*Assigned task*:
Every entry is to be restated exactly; pictures are not part of the copy.

━━━━━━━━━━━━━━━━━━━━

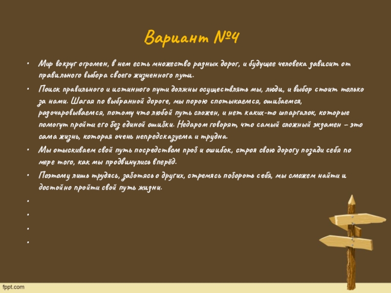 Поиск правильного и истинного пути должны осуществлять мы, люди, и выбор стоит только за нами. Шагая по выбранной дороге, мы порою спотыкаемся, ошибаемся, разочаровываемся, потому что любой путь сложен, и нет каких-то шпаргалок, которые помогут пройти его без единой ошибки. Недаром говорят, что самый сложный экзамен – это сама жизнь, которая очень непредсказуема и трудна.
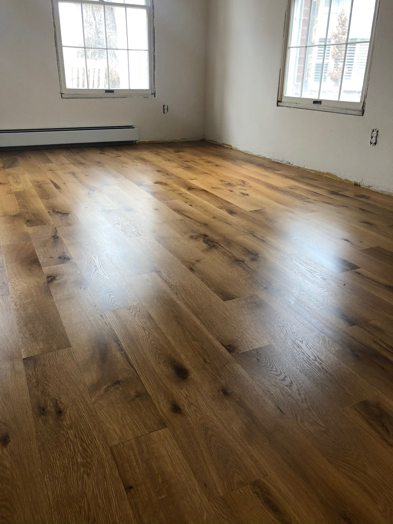 Our hardwax oil finishes enhance the natural beauty of hardwood while providing a durable, breathable, and low-sheen protective layer. This finish penetrates deep into the wood, providing a rich, organic look while allowing for easy spot repairs. It is ideal for those who prefer a warm, natural aesthetic with a softer feel underfoot. It requires periodic maintenance to keep it looking fresh.
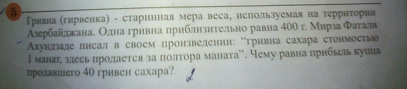 0,5х40=20 манат - прибыль с 40 гривен
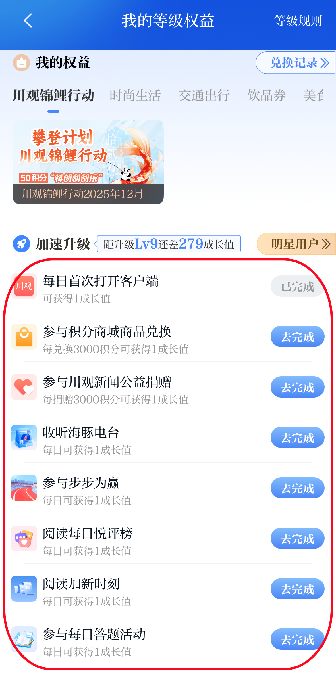 第四步:点击“去完成”,即可根据提示获取成长值。
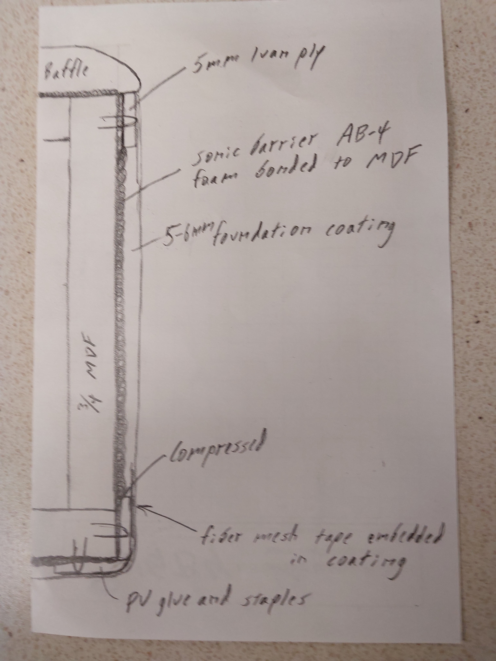 Second, I’m recommending 1/4" recycled tire rubber sheeting between layers. Also I would use a mdf, rubber, baltic birch layering to further control sound/vibration transfer.
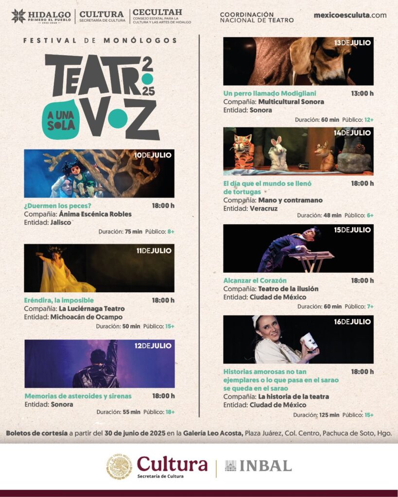 Por primera vez, Hidalgo será sede del Festival de Monólogos “Teatro a Una Sola Voz”, uno de los circuitos escénicos más representativos del país, que este año celebra su vigésima edición con funciones gratuitas en el Teatro Guillermo Romo de Vivar, del 10 al 16 de julio.
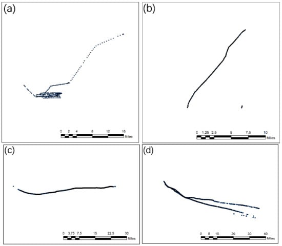 Significant differences in the trajectories of different types of fishing vessels were observed (as shown in Figure 6). Trawlers mainly relied on sailing to drag the fishing gear. During a single operation, the trawl was generally towed in one direction, so the trajectory showed continuous changes of direction over a short time. Figure 6a clearly demonstrates that the trajectory of this trawler was crisscrossed east-west, and the fishing site was relatively large but concentrated. The working locations of gillnetters were generally far away from port and not continuous in space. During fishing, the operation track of gillnetters was relatively straight and tight (Figure 6b). For seiners, Figure 6c shows that their fishing areas were usually far from port, and the operation was carried out by a single vessel releasing the net and then returning to the origin, so a single operation trajectory of a seiner resembles a closed loop.
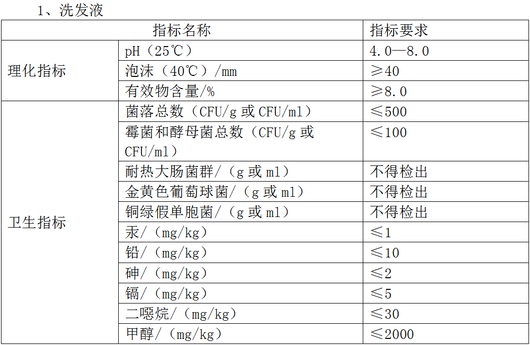 根据相关化妆品产品标准和《化妆品安全技术规范》(2015版),以儿童洗发液、沐浴剂和护肤乳液为例,其主要质量指标如下:
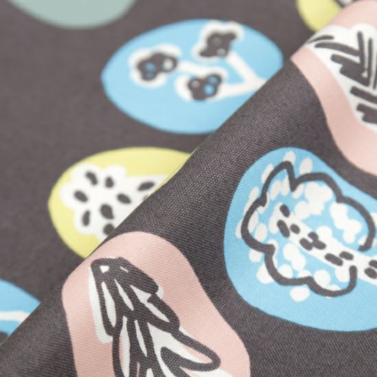 そんな林の木の一本一本を、楽しいモチーフとして表現。不規則なドット柄のようなデザインに仕上がっています。
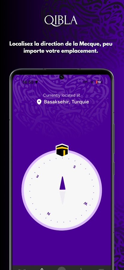 Кибла: компас Киблы для быстрого определения направления на Мекку.

━━━━━━━━━━━━━━━━━━━━

*Solution*:
 Поиск правильного и истинного пути должны осуществлять мы, люди, и выбор стоит только за нами. Шагая по выбранной дороге, мы порою спотыкаемся, ошибаемся, разочаровываемся, потому что любой путь сложен, и нет каких-то шпаргалок, которые помогут пройти его без единой ошибки. Недаром говорят, что самый сложный экзамен – это сама жизнь, которая очень непредсказуема и трудна.
 Our hardwax oil finishes enhance the natural beauty of hardwood while providing a durable, breathable, and low-sheen protective layer. This finish penetrates deep into the wood, providing a rich, organic look while allowing for easy spot repairs. It is ideal for those who prefer a warm, natural aesthetic with a softer feel underfoot. It requires periodic maintenance to keep it looking fresh.
 0,5х40=20 манат - прибыль с 40 гривен
 第四步:点击“去完成”,即可根据提示获取成长值。
 Second, I’m recommending 1/4" recycled tire rubber sheeting between layers. Also I would use a mdf, rubber, baltic birch layering to further control sound/vibration transfer.
 Por primera vez, Hidalgo será sede del Festival de Monólogos “Teatro a Una Sola Voz”, uno de los circuitos escénicos más representativos del país, que este año celebra su vigésima edición con funciones gratuitas en el Teatro Guillermo Romo de Vivar, del 10 al 16 de julio.
 Significant differences in the trajectories of different types of fishing vessels were observed (as shown in Figure 6). Trawlers mainly relied on sailing to drag the fishing gear. During a single operation, the trawl was generally towed in one direction, so the trajectory showed continuous changes of direction over a short time. Figure 6a clearly demonstrates that the trajectory of this trawler was crisscrossed east-west, and the fishing site was relatively large but concentrated. The working locations of gillnetters were generally far away from port and not continuous in space. During fishing, the operation track of gillnetters was relatively straight and tight (Figure 6b). For seiners, Figure 6c shows that their fishing areas were usually far from port, and the operation was carried out by a single vessel releasing the net and then returning to the origin, so a single operation trajectory of a seiner resembles a closed loop.
 根据相关化妆品产品标准和《化妆品安全技术规范》(2015版),以儿童洗发液、沐浴剂和护肤乳液为例,其主要质量指标如下:
 そんな林の木の一本一本を、楽しいモチーフとして表現。不規則なドット柄のようなデザインに仕上がっています。
 Кибла: компас Киблы для быстрого определения направления на Мекку.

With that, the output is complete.